**Problem requirements:**
Once the pictures are removed, return each record below exactly as written.

**Exercise input:**
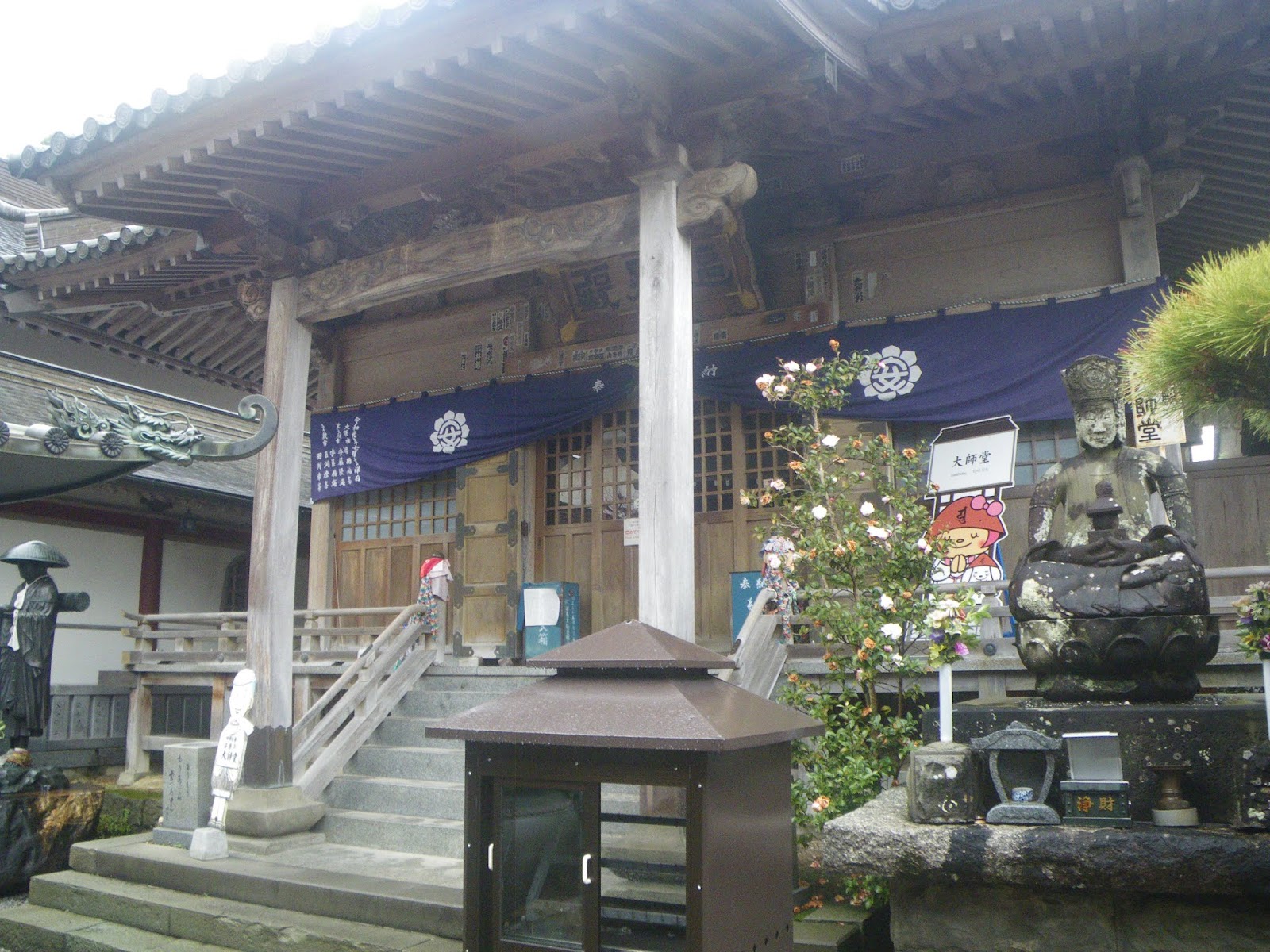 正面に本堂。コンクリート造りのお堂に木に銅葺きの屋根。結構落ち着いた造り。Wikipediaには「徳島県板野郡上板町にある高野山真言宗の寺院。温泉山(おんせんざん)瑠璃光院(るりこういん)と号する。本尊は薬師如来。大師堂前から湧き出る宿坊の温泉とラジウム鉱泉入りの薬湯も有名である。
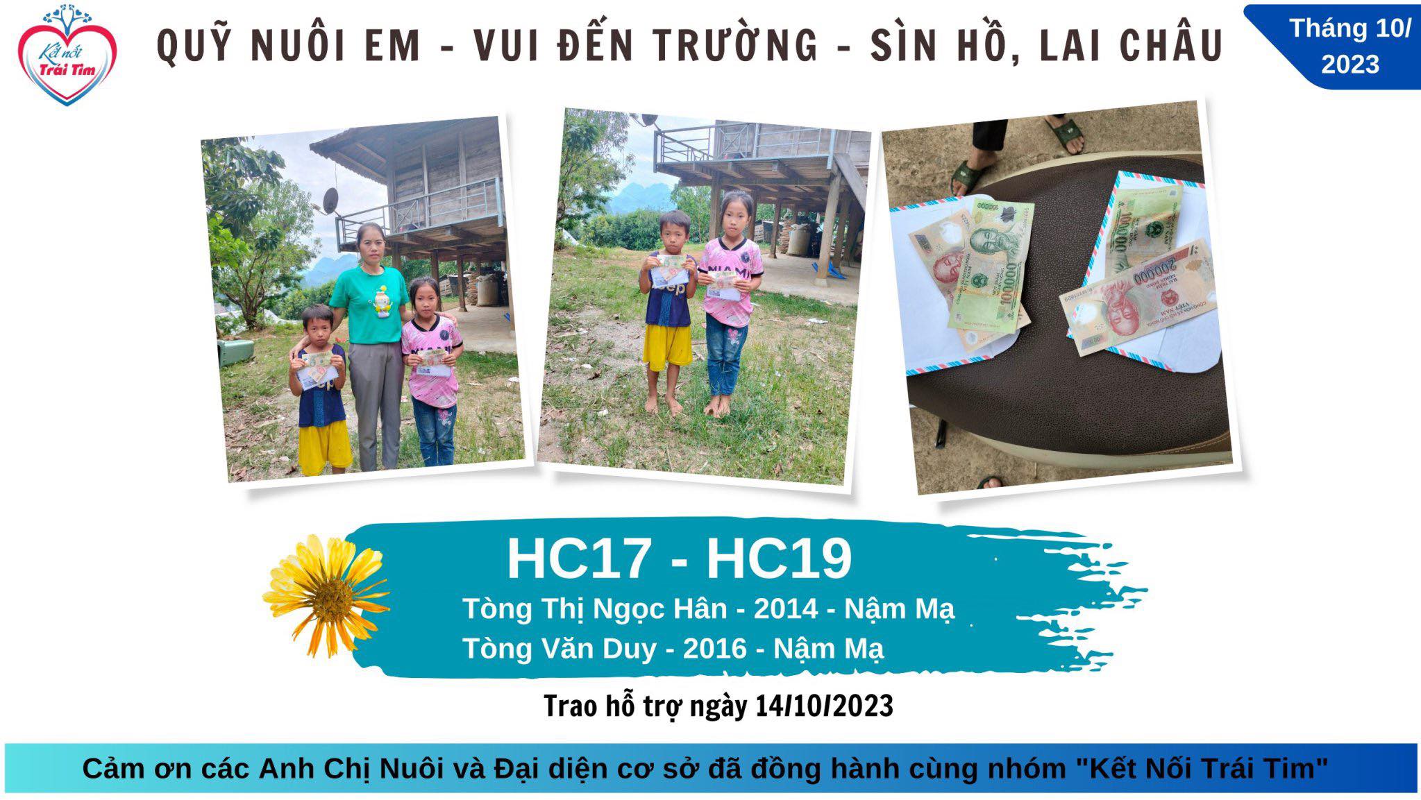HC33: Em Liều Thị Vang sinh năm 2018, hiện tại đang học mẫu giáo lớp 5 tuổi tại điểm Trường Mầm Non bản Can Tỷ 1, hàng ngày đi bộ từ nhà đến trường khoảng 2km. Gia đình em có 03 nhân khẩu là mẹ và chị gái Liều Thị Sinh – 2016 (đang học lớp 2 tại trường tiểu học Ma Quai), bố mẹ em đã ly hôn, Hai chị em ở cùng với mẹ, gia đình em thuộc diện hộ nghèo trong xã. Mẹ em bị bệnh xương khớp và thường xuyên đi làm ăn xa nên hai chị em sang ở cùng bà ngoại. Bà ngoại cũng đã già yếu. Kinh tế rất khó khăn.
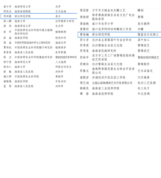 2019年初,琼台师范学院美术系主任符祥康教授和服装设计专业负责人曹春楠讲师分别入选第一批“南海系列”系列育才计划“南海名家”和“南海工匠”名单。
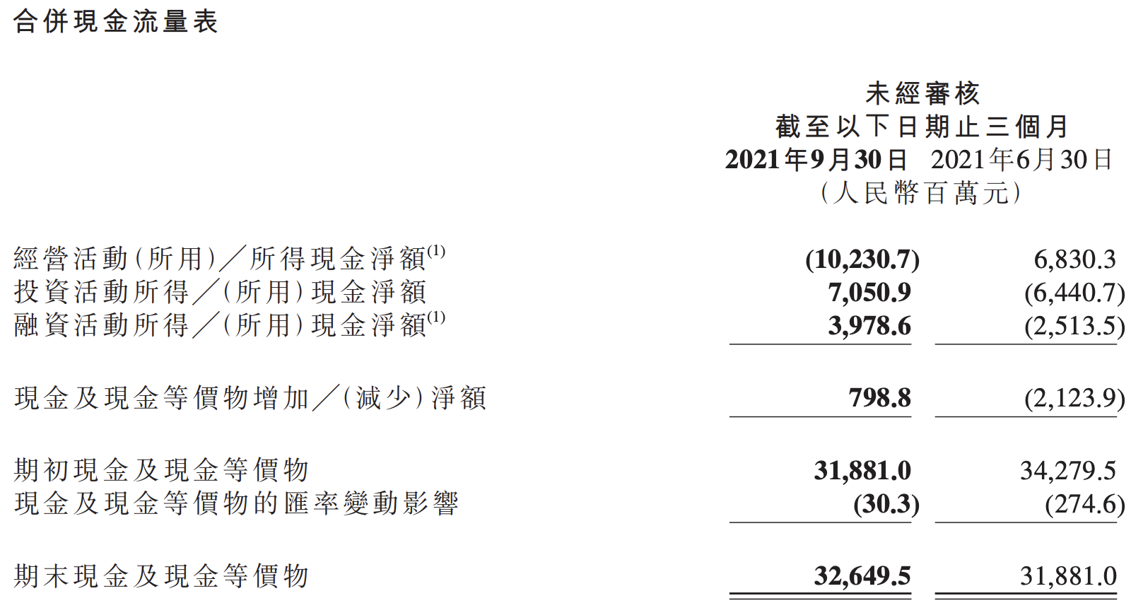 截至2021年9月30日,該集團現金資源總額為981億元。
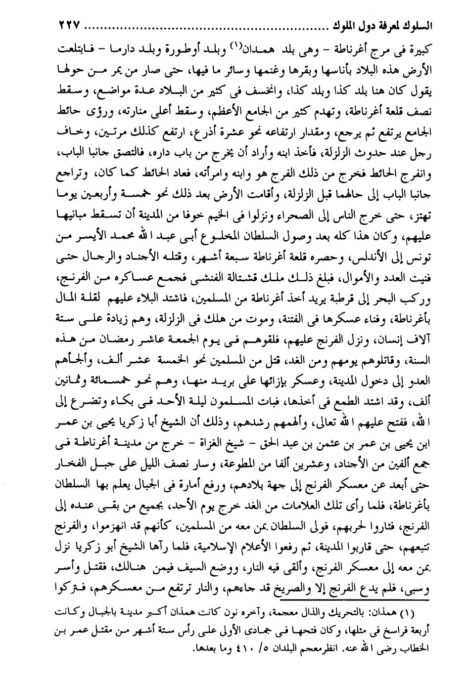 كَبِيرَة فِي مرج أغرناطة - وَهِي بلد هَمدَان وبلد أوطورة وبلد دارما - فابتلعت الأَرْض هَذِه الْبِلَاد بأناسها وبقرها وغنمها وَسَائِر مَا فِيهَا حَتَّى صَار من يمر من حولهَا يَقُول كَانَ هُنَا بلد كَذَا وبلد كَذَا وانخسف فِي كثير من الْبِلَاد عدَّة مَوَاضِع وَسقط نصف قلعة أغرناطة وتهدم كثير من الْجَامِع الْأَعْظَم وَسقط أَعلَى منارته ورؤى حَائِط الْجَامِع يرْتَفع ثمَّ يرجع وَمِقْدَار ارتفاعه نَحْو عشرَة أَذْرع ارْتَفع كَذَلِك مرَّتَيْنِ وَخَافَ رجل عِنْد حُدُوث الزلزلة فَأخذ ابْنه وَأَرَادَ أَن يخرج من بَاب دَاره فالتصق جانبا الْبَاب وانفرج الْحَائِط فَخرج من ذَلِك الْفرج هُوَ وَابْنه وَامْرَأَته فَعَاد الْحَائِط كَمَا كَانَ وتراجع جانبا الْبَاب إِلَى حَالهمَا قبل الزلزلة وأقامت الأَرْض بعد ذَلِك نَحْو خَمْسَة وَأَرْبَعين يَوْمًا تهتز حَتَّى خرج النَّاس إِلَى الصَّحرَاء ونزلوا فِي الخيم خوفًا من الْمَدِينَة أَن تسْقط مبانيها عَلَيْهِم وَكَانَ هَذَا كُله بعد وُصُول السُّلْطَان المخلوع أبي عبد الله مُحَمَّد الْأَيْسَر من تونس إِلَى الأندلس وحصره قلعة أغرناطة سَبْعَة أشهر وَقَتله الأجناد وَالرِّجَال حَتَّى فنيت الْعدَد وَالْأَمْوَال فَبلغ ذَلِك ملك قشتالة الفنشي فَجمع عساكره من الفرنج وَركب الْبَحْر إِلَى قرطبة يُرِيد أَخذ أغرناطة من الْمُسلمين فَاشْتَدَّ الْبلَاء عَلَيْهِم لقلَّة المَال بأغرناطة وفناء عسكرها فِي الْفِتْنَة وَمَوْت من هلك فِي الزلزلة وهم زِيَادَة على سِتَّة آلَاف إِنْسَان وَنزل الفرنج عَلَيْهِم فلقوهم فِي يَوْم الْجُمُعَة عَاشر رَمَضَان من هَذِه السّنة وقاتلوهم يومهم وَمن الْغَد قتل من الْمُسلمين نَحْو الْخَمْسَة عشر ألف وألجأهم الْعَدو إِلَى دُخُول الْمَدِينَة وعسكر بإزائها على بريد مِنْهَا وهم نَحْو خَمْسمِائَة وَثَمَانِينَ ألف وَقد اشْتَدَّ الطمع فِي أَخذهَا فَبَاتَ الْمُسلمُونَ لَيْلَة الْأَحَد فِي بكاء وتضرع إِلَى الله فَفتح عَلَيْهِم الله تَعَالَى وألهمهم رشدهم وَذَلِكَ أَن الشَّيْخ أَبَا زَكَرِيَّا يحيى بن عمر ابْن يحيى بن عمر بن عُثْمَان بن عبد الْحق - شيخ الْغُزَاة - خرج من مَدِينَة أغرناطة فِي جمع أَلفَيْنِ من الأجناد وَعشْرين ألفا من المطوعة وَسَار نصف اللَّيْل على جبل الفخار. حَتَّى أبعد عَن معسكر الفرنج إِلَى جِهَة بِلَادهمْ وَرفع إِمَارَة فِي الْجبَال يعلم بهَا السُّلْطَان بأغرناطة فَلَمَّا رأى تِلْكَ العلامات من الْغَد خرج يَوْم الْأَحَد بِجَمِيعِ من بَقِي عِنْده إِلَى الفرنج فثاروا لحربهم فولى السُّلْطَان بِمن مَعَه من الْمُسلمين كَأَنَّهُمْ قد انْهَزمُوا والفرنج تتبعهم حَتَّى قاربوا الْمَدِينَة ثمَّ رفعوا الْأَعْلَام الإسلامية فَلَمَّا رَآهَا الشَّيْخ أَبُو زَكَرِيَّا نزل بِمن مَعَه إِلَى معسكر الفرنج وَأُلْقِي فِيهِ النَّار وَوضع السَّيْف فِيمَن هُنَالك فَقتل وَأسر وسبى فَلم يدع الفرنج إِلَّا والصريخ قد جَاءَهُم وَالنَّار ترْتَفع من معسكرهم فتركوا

**Your solution:**
 正面に本堂。コンクリート造りのお堂に木に銅葺きの屋根。結構落ち着いた造り。Wikipediaには「徳島県板野郡上板町にある高野山真言宗の寺院。温泉山(おんせんざん)瑠璃光院(るりこういん)と号する。本尊は薬師如来。大師堂前から湧き出る宿坊の温泉とラジウム鉱泉入りの薬湯も有名である。
HC33: Em Liều Thị Vang sinh năm 2018, hiện tại đang học mẫu giáo lớp 5 tuổi tại điểm Trường Mầm Non bản Can Tỷ 1, hàng ngày đi bộ từ nhà đến trường khoảng 2km. Gia đình em có 03 nhân khẩu là mẹ và chị gái Liều Thị Sinh – 2016 (đang học lớp 2 tại trường tiểu học Ma Quai), bố mẹ em đã ly hôn, Hai chị em ở cùng với mẹ, gia đình em thuộc diện hộ nghèo trong xã. Mẹ em bị bệnh xương khớp và thường xuyên đi làm ăn xa nên hai chị em sang ở cùng bà ngoại. Bà ngoại cũng đã già yếu. Kinh tế rất khó khăn.
 2019年初,琼台师范学院美术系主任符祥康教授和服装设计专业负责人曹春楠讲师分别入选第一批“南海系列”系列育才计划“南海名家”和“南海工匠”名单。
 截至2021年9月30日,該集團現金資源總額為981億元。
 كَبِيرَة فِي مرج أغرناطة - وَهِي بلد هَمدَان وبلد أوطورة وبلد دارما - فابتلعت الأَرْض هَذِه الْبِلَاد بأناسها وبقرها وغنمها وَسَائِر مَا فِيهَا حَتَّى صَار من يمر من حولهَا يَقُول كَانَ هُنَا بلد كَذَا وبلد كَذَا وانخسف فِي كثير من الْبِلَاد عدَّة مَوَاضِع وَسقط نصف قلعة أغرناطة وتهدم كثير من الْجَامِع الْأَعْظَم وَسقط أَعلَى منارته ورؤى حَائِط الْجَامِع يرْتَفع ثمَّ يرجع وَمِقْدَار ارتفاعه نَحْو عشرَة أَذْرع ارْتَفع كَذَلِك مرَّتَيْنِ وَخَافَ رجل عِنْد حُدُوث الزلزلة فَأخذ ابْنه وَأَرَادَ أَن يخرج من بَاب دَاره فالتصق جانبا الْبَاب وانفرج الْحَائِط فَخرج من ذَلِك الْفرج هُوَ وَابْنه وَامْرَأَته فَعَاد الْحَائِط كَمَا كَانَ وتراجع جانبا الْبَاب إِلَى حَالهمَا قبل الزلزلة وأقامت الأَرْض بعد ذَلِك نَحْو خَمْسَة وَأَرْبَعين يَوْمًا تهتز حَتَّى خرج النَّاس إِلَى الصَّحرَاء ونزلوا فِي الخيم خوفًا من الْمَدِينَة أَن تسْقط مبانيها عَلَيْهِم وَكَانَ هَذَا كُله بعد وُصُول السُّلْطَان المخلوع أبي عبد الله مُحَمَّد الْأَيْسَر من تونس إِلَى الأندلس وحصره قلعة أغرناطة سَبْعَة أشهر وَقَتله الأجناد وَالرِّجَال حَتَّى فنيت الْعدَد وَالْأَمْوَال فَبلغ ذَلِك ملك قشتالة الفنشي فَجمع عساكره من الفرنج وَركب الْبَحْر إِلَى قرطبة يُرِيد أَخذ أغرناطة من الْمُسلمين فَاشْتَدَّ الْبلَاء عَلَيْهِم لقلَّة المَال بأغرناطة وفناء عسكرها فِي الْفِتْنَة وَمَوْت من هلك فِي الزلزلة وهم زِيَادَة على سِتَّة آلَاف إِنْسَان وَنزل الفرنج عَلَيْهِم فلقوهم فِي يَوْم الْجُمُعَة عَاشر رَمَضَان من هَذِه السّنة وقاتلوهم يومهم وَمن الْغَد قتل من الْمُسلمين نَحْو الْخَمْسَة عشر ألف وألجأهم الْعَدو إِلَى دُخُول الْمَدِينَة وعسكر بإزائها على بريد مِنْهَا وهم نَحْو خَمْسمِائَة وَثَمَانِينَ ألف وَقد اشْتَدَّ الطمع فِي أَخذهَا فَبَاتَ الْمُسلمُونَ لَيْلَة الْأَحَد فِي بكاء وتضرع إِلَى الله فَفتح عَلَيْهِم الله تَعَالَى وألهمهم رشدهم وَذَلِكَ أَن الشَّيْخ أَبَا زَكَرِيَّا يحيى بن عمر ابْن يحيى بن عمر بن عُثْمَان بن عبد الْحق - شيخ الْغُزَاة - خرج من مَدِينَة أغرناطة فِي جمع أَلفَيْنِ من الأجناد وَعشْرين ألفا من المطوعة وَسَار نصف اللَّيْل على جبل الفخار. حَتَّى أبعد عَن معسكر الفرنج إِلَى جِهَة بِلَادهمْ وَرفع إِمَارَة فِي الْجبَال يعلم بهَا السُّلْطَان بأغرناطة فَلَمَّا رأى تِلْكَ العلامات من الْغَد خرج يَوْم الْأَحَد بِجَمِيعِ من بَقِي عِنْده إِلَى الفرنج فثاروا لحربهم فولى السُّلْطَان بِمن مَعَه من الْمُسلمين كَأَنَّهُمْ قد انْهَزمُوا والفرنج تتبعهم حَتَّى قاربوا الْمَدِينَة ثمَّ رفعوا الْأَعْلَام الإسلامية فَلَمَّا رَآهَا الشَّيْخ أَبُو زَكَرِيَّا نزل بِمن مَعَه إِلَى معسكر الفرنج وَأُلْقِي فِيهِ النَّار وَوضع السَّيْف فِيمَن هُنَالك فَقتل وَأسر وسبى فَلم يدع الفرنج إِلَّا والصريخ قد جَاءَهُم وَالنَّار ترْتَفع من معسكرهم فتركوا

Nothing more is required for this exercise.